DATA
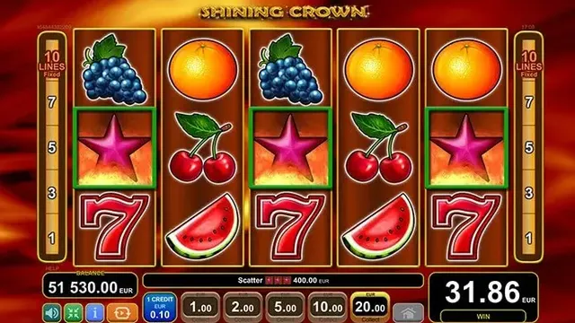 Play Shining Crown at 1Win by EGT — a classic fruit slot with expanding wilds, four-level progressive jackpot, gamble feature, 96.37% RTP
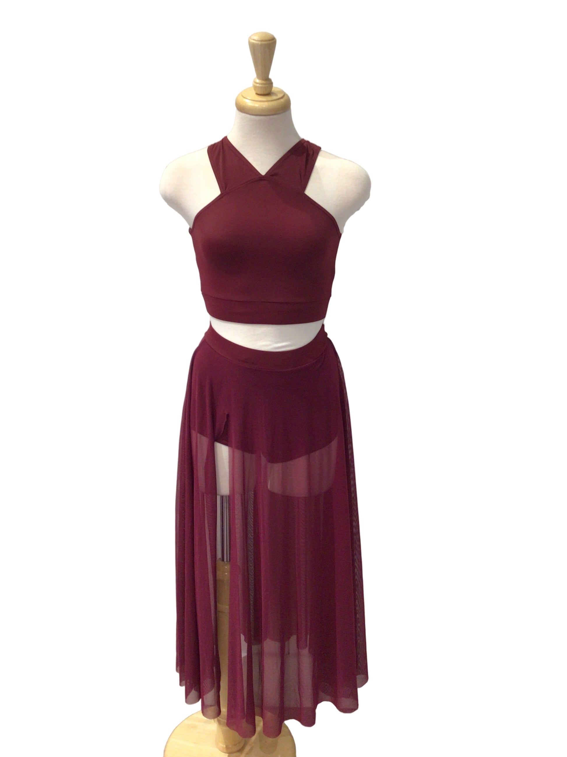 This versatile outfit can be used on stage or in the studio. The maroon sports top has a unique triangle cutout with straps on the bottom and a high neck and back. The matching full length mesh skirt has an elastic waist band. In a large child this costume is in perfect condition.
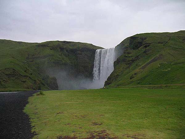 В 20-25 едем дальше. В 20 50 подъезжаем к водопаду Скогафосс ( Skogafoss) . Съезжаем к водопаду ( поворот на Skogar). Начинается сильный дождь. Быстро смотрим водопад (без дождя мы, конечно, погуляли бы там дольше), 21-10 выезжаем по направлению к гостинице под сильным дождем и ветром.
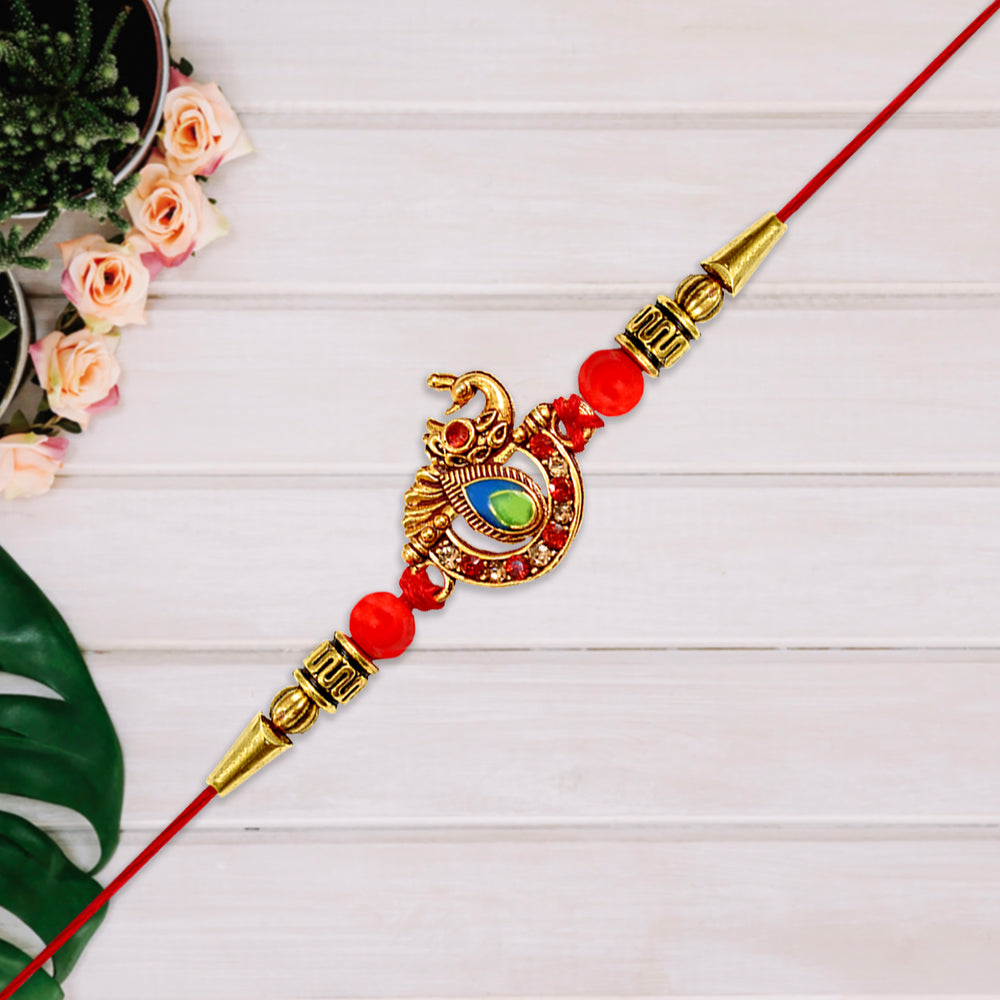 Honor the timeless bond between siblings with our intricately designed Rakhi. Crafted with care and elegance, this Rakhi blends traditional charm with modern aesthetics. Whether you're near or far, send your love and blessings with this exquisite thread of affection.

YOUR GOAL
Drop the pictures and reproduce the rest of the data above exactly.

RESPONSE BOX
 Play Shining Crown at 1Win by EGT — a classic fruit slot with expanding wilds, four-level progressive jackpot, gamble feature, 96.37% RTP
 This versatile outfit can be used on stage or in the studio. The maroon sports top has a unique triangle cutout with straps on the bottom and a high neck and back. The matching full length mesh skirt has an elastic waist band. In a large child this costume is in perfect condition.
 В 20-25 едем дальше. В 20 50 подъезжаем к водопаду Скогафосс ( Skogafoss) . Съезжаем к водопаду ( поворот на Skogar). Начинается сильный дождь. Быстро смотрим водопад (без дождя мы, конечно, погуляли бы там дольше), 21-10 выезжаем по направлению к гостинице под сильным дождем и ветром.
 Honor the timeless bond between siblings with our intricately designed Rakhi. Crafted with care and elegance, this Rakhi blends traditional charm with modern aesthetics. Whether you're near or far, send your love and blessings with this exquisite thread of affection.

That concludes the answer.